» EXERCISE DIRECTIONS: Every line between the one containing "Brief- Maximise space" and the last line of the data, both included, is to be set down exactly, and pictures are to be omitted.
RECORD EXTRACTS section start
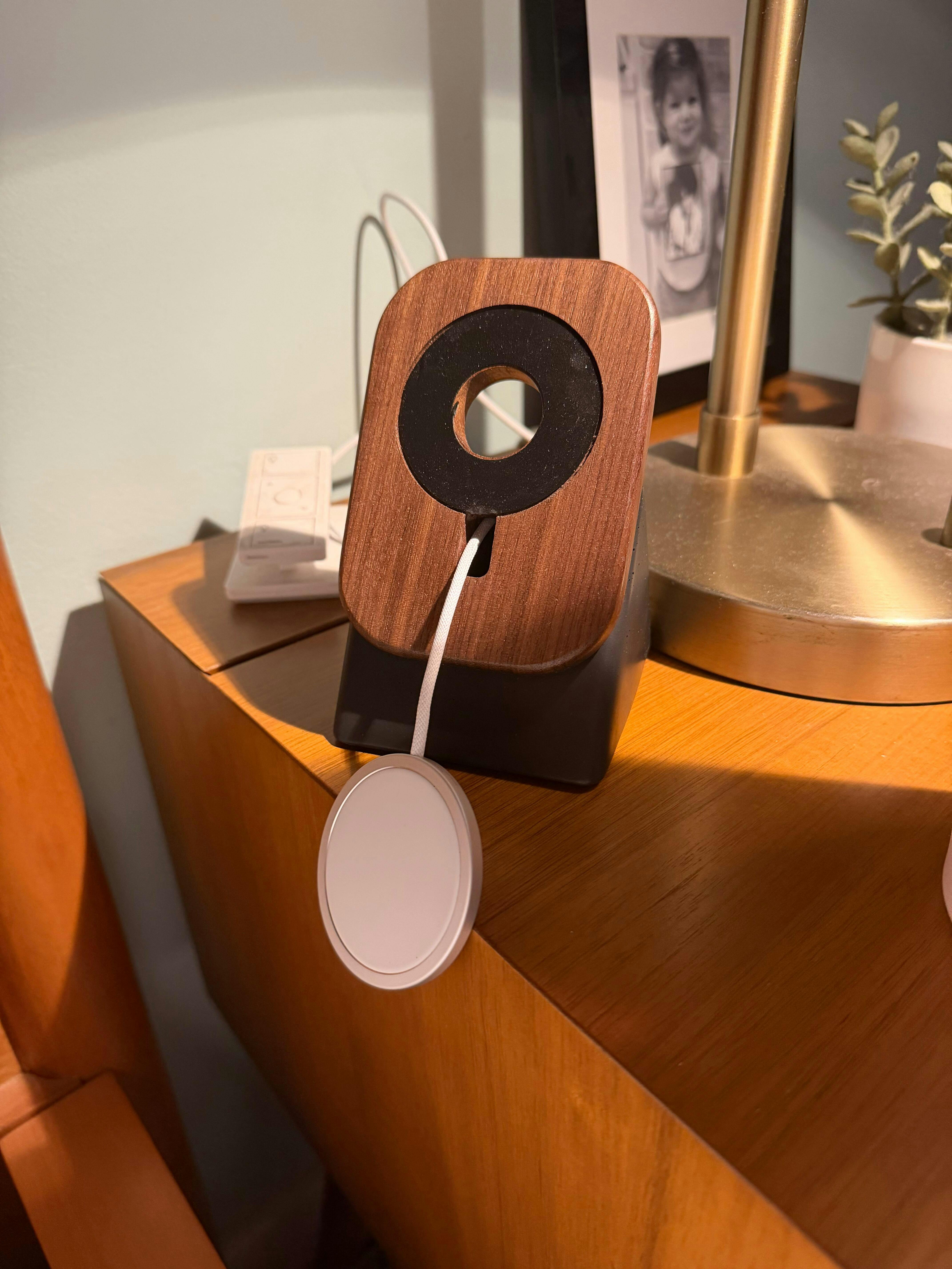 The Upright transforms your existing MagSafe charger into a stable, handcrafted stand made from solid hardwood and concrete.
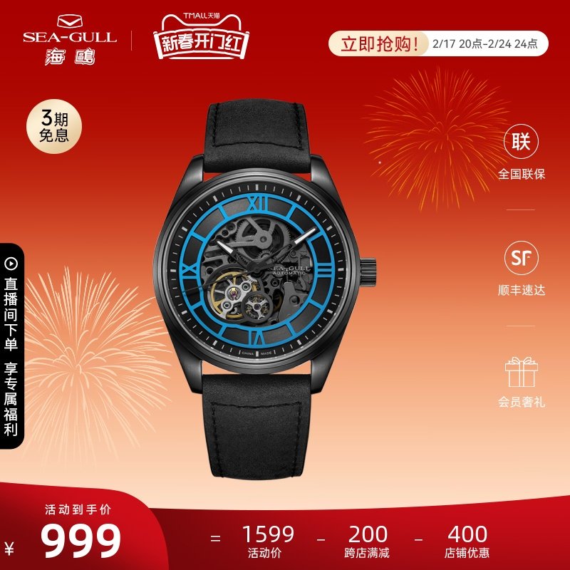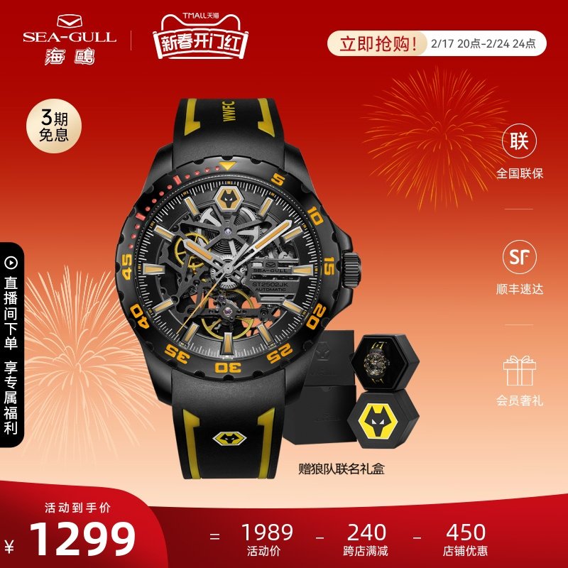 Seagull海鸥手表X狼队联名手表国潮运动双面镂空自动机械表男士
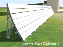 An airport blast deflector screen as a spline, modular length 2.4 metres, 2.4 metres high.
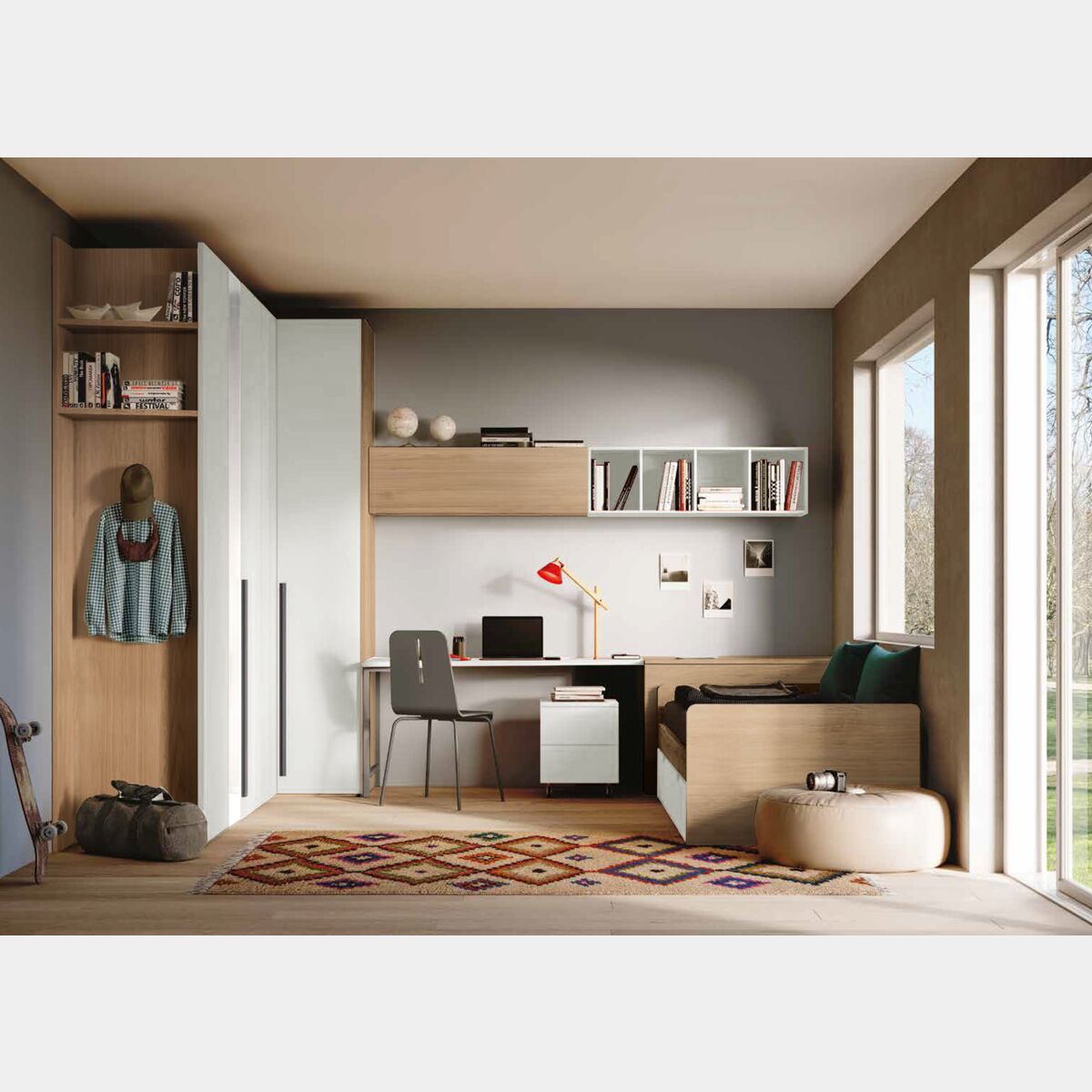 Cameretta per ragazzo in finitura Noce biondo e Bianco opaco
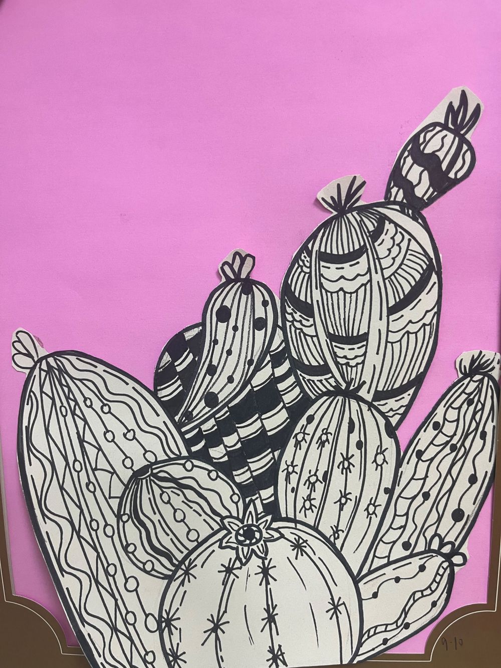 在色彩运用上,虽然画面以黑白线条为主,但背景却巧妙地选用了粉红色,这种色彩的选择既与多肉植物的绿色形成了鲜明的对比,增强了画面的视觉冲击力,又赋予了画面一种温馨、柔和的氛围。粉红色背景的融入,使得整个画面在简洁中又不失柔美与温情。
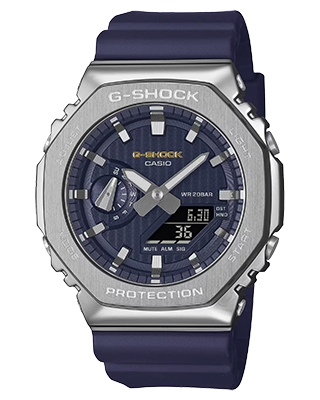 「夜空」をイメージしたネイビーモデルで、文字板のG-SHOCKのロゴのゴールドは星の輝きを、文字板上のストライプパターンは星が降り注ぐ様子を表現しています。
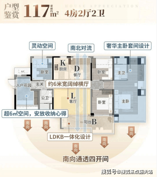 117㎡四房两卫:超大面宽,短进深,户户观景,使用率超100%。
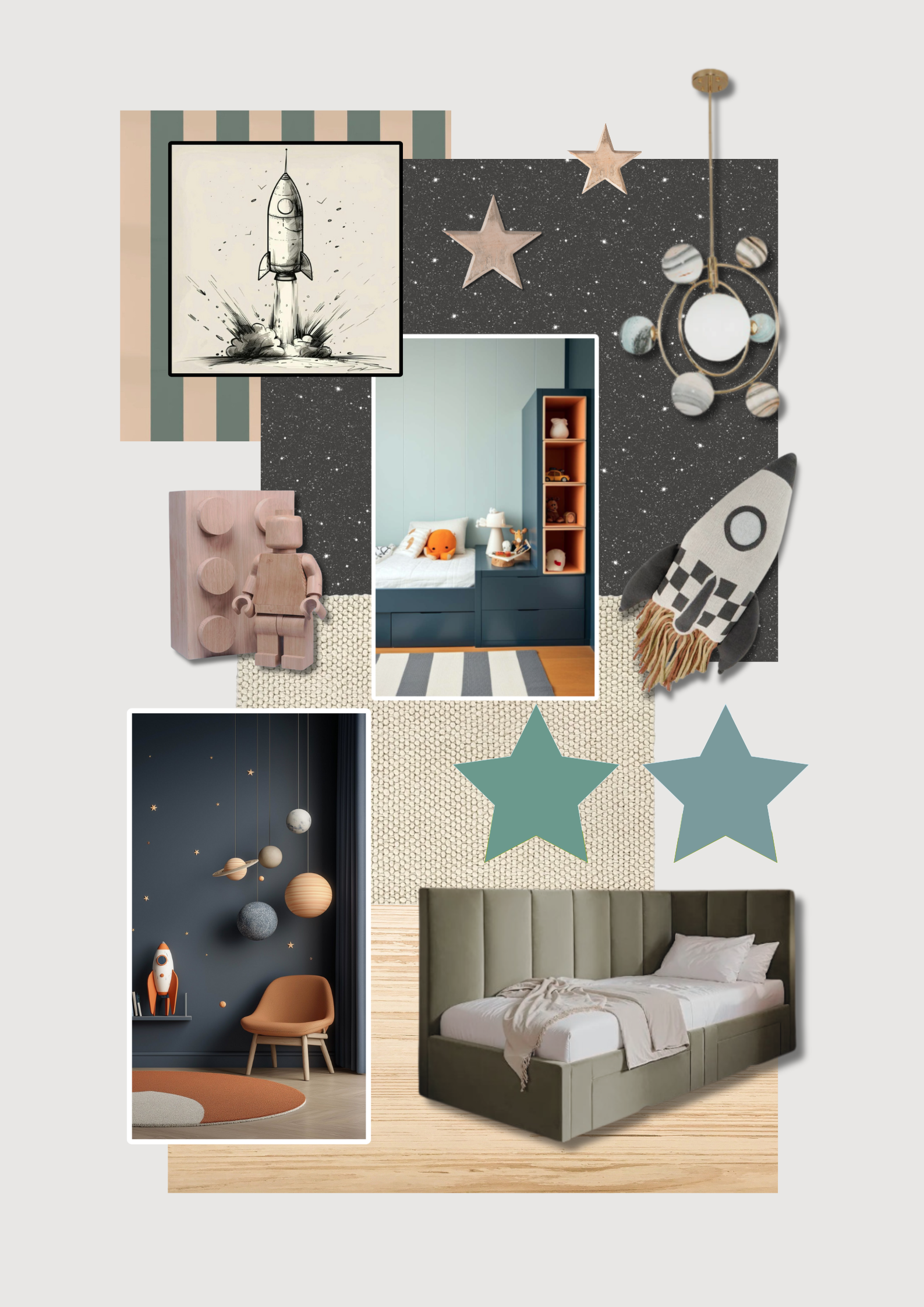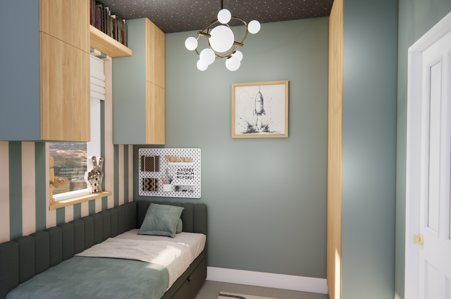 Brief- Maximise space in a small box bedroom. The room is for a young boy and the client has decided to take their son out of their cot and into their first big bed. They needed help fitting a bed, wardrobe and storage in to the space as well as configuring the space to hopefully give their son some floor space to play. The boy wanted a blue, space theme for the room but the client was concerned the dark colours would make the room feel too small so thought seeing the room finished as a 3D illustration would be helpful.
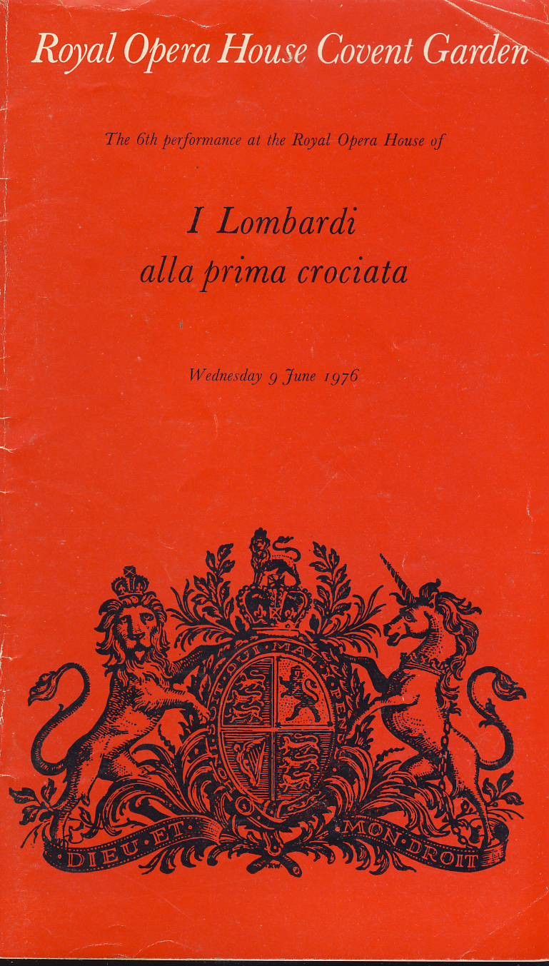 I Lombardi alla prima crociata 1976 Programme Royal Opera House Covent Garden C320
RECORD EXTRACTS section end
» YOUR RESPONSE:
 Brief- Maximise space in a small box bedroom. The room is for a young boy and the client has decided to take their son out of their cot and into their first big bed. They needed help fitting a bed, wardrobe and storage in to the space as well as configuring the space to hopefully give their son some floor space to play. The boy wanted a blue, space theme for the room but the client was concerned the dark colours would make the room feel too small so thought seeing the room finished as a 3D illustration would be helpful.
 I Lombardi alla prima crociata 1976 Programme Royal Opera House Covent Garden C320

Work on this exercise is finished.